43…戦闘準備
゛奥村 燐の処刑が決定しました゛
メフィストから告げられたソレは場の空気を重くする。
燐を閉じ込めている鉄の扉を見つめるソラの顔は青ざめ、雪男はシュラが呼んでも反応なく立ち尽くす。
そんな二人を他所にメフィストは不浄王が復活した為に討伐を最優先にするよう指示をだした。
「不浄王が復活すると瞬く間に成長し……そして、熟しきった時……京都は死の都と化す」
そう言った後、彼はシュラに複数枚の装備品を渡し意味深な台詞をウィンクしながら口にする。
「これが何かの助けになれば良いのですが」
「!?」
シュラが何かを言う前にメフィストはソラにもプレゼントがあると指パッチンである物を渡す。
受け取った彼女はすぐにソレが何なのか理解し僅かに目を見開く。
そんな彼女にメフィストは口角を上げ一言告げて、その場から煙と共に消えた。
「使うかどうかは貴女の判断にお任せします」
メフィストが消えてすぐに雪男は足を進める。
眉間にシワを寄せ、淡々と口を開きながら……
「とり敢えず僕達は出来ることをしましょう」
「お前……?」
「不浄王討伐に僕達も駆り出されるはずですから……」
雪男は前にと足を進めながら、先程メフィストがソラに手渡した物と言葉を思い出し眉間のシワは更に寄る。
゛昔から研究していたのですが、コレって悪魔にも有効ですかね?゛
゛……打撃系以外の技もあれば更に戦いやすいと思いまして…゛
合宿前だったか、雪男に相談しに来たソラが話したソレがメフィストから手渡された。
それが何を意味するのか彼は良く分かっている。
「………ソラ、判ってはいるだろうけど相手は不浄王だ。身の危険を感じたならすぐに避難してくれ」
『……はい。貴方も』
雪男は何も答えずにその場を去っていく。
その後ろ姿を視界にとらえながら彼女もまた足を進める。
家族や友人の処刑が決定した直後に大きな戦場へと進む……そんな二人にシュラはかける言葉が見つからずにいた。
(大丈夫……なわけないか………にしてもソラが渡されたアレって手袋……だよな)
前世で幾度となく目にした錬成陣が描かれた特製の手袋。
発火布で作られたソレをソラは長年かけて研究し尽くし、納得いくまでに理解した。
後は素材集めや実戦での使用だけ……何でも手に入れてみせようと高らかに言ってみせたメフィストにソラは頼んでいたのだ。

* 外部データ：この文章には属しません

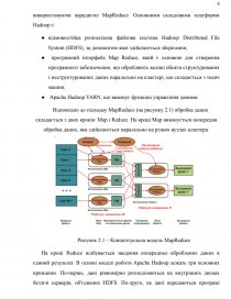 Відповідно до підходоу MapReduce (на рисунку 2.1) обробка даних складається з двох кроків: Map і Reduce. На кроці Map виконується попередня обробка даних, яка здійснюється паралельно на різних вузлах кластера. [pic 1]
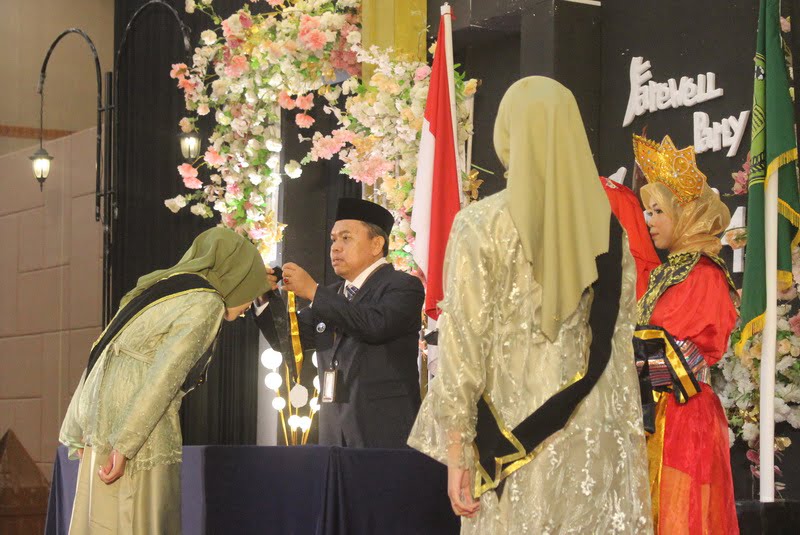 Prosesi pemasangan samir oleh Kepala MAN Kota Palangka Raya H Ahd Fauzi SAg MSi kepada para siswa di acara perpisahan, Kamis (4/5/2023).

どのような物を作るのか話した時の彼は興味深そうに……それでいて楽しげに笑っている。
(手にするのもコレが初めて……一度も使用したことのない武器故に加減も扱いもド素人……人の近くで使うのは避けたほうが良いですね)
まるで燐と同じではないかと自嘲気味に笑い……そして、気づいてしまう。
錬成陣を描く手を止め、彼女は右手で顔を覆う。
(私は戦うと決めた……けれど、同じ事を言っていた燐には……戦わないでほしいと反対してるじゃないですか)
思い浮かぶのは不安げな表情や困惑した燐の顔で、彼女は唇を噛みしめながら覆う手に力を込める。

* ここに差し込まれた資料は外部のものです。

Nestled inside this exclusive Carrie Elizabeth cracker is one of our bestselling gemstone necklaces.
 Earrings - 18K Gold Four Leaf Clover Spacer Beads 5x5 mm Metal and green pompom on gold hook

(私は……あの時っ………燐の事を信じてあげられなかった!)
何がパートナーだ…何が友人だ……と込み上げてくる想いをのみ込み堪えた。
険しい表情でソラは作業の続きを始めていく。
(弱音を吐いている場合ではないんです……不浄王の事を終わらせた後は燐の処刑を阻止する為に動かなければ……)
その後、手袋をはめたソラは部屋を後にしようとするが……ふと、自分の鞄に手を突っ込み黒の上着を取り出した。
それを錬成で作りなおしていく。
前世で愛用していた黒のロングパーカーだ。
ただ、背中には白で大きく描かれたフラメルの十字架が追加されている。
そう、友人であるエドワード・エルリックが愛用していたコートのように……
『立って歩け……前へ進め……私には立派な足があるじゃないか』
そう口にしながらパーカーを身に着け、鋭い視線を前に向け足を進めていく。
(あの頃のように……エド達のように強く、前へ進め!悲劇のヒロインを演じている場合ではないんです!)
その両手には共に戦った仲間の武器を……その身にはかつての自分を……その背中には常に前を進み導いてくれていた友への想いを込めて進む。